Après une montée en puissance fulgurante en 2014 en Irak et en Syrie voisine et la conquête de vastes territoires, l'EI a vu son califat vaciller sous le coup d'offensives successives dans ces deux pays. L'Irak a proclamé sa victoire contre les djihadistes fin 2017 et l'EI a été défait en Syrie en 2019.

Aujourd'hui, l'EImaintient une présence largement clandestine en Irak et en Syrie et mène une insurrection soutenue de part et d'autre de la frontière entre les deux pays, selon un rapport onusien publié début 2021. Dans ces deux pays, l'organisation djihadiste conserverait en tout 10 000 combattants actifs, d'après ce rapport.

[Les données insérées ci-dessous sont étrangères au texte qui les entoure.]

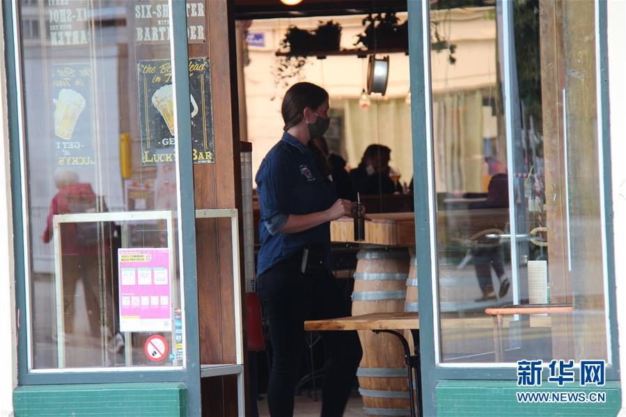 5月11日,瑞士日內(nèi)瓦一家酒吧的服務員戴著口罩為顧客服務。 當日是瑞士允許酒吧餐館等重新開業(yè)第一天。 新華社記者 聶曉陽 攝

Traqué, Abou Bakr al-Baghdadi est mort dans une opération américaine en octobre 2019 en Syrie.

Mais l'EI reste une menace, ses combattants ayant renoué avec la clandestinité et continuant de mener des attentats en Irak et en Syrie.

Le dernier attentat d'envergure revendiqué par l'EI en Irak a visé en juillet dernier un marché du quartier chiite de Sadr City, à Bagdad, qui a fait une trentaine de morts.

En Irak, la situation financière des djihadistes est tendue, selon un responsable de la coalition internationale antidjihadistes emmenée par les États-Unis.